■ Problem details:
Start at the line below containing "めちゃくちゃ引くので、丁寧に" and stop at the line containing "1.  フライパンに太白胡麻油と玉ねぎを入れ、中火で炒めます。". Repeat every line of that stretch exactly, and nothing outside it.

■ Data:
· · · · ·

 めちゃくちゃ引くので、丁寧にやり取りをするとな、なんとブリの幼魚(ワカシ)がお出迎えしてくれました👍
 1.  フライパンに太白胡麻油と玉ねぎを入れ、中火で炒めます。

· · · · ·

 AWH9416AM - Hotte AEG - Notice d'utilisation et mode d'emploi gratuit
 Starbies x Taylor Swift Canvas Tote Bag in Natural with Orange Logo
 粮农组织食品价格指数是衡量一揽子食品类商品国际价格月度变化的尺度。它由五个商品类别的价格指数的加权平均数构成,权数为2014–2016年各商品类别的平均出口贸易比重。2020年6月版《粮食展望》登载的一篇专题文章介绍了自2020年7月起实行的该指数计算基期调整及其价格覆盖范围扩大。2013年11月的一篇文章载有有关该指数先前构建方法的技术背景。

· · · · ·

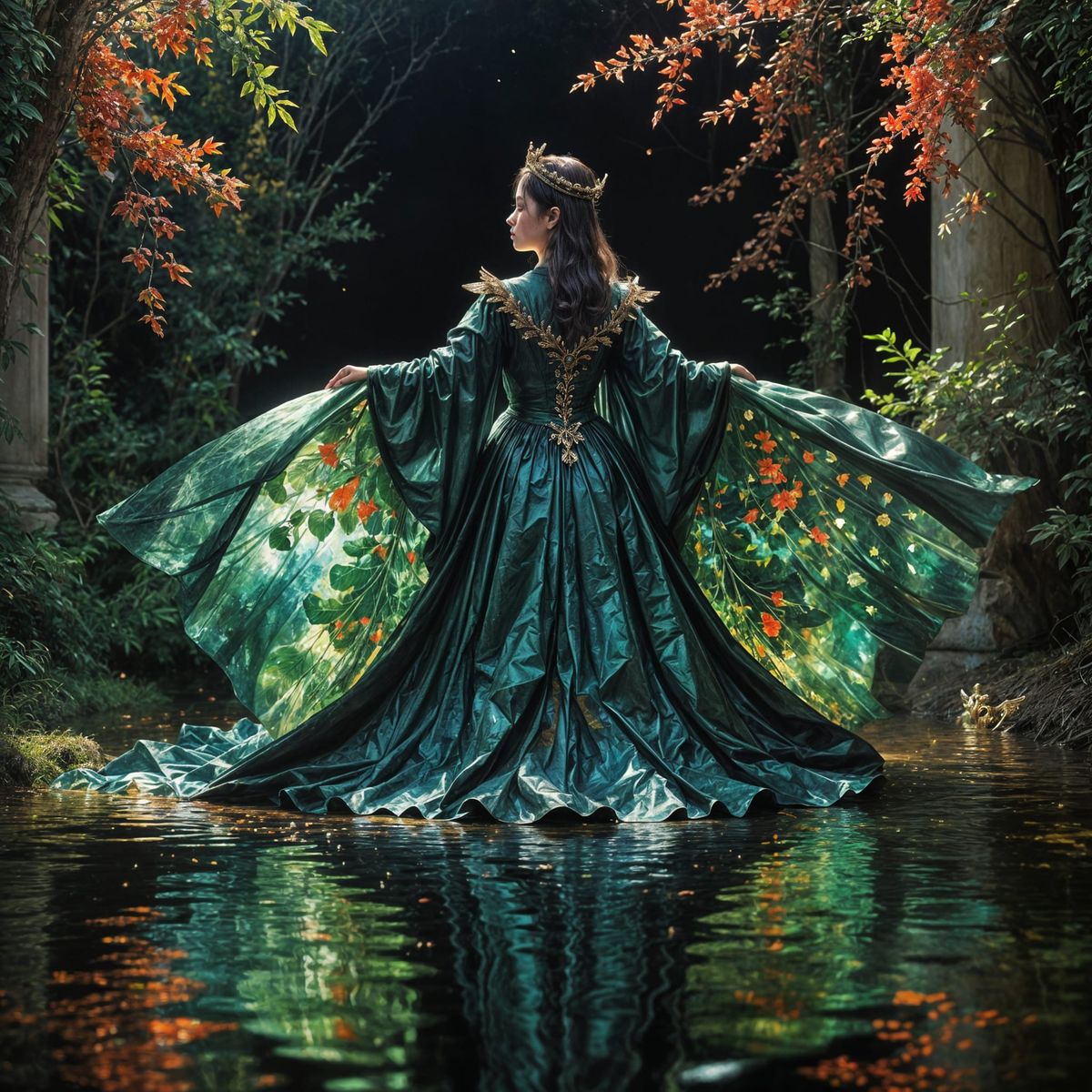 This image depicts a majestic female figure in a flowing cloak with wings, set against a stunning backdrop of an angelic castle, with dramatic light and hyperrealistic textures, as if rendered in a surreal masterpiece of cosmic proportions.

· · · · ·

■ Reply to the task:
 めちゃくちゃ引くので、丁寧にやり取りをするとな、なんとブリの幼魚(ワカシ)がお出迎えしてくれました👍
 1.  フライパンに太白胡麻油と玉ねぎを入れ、中火で炒めます。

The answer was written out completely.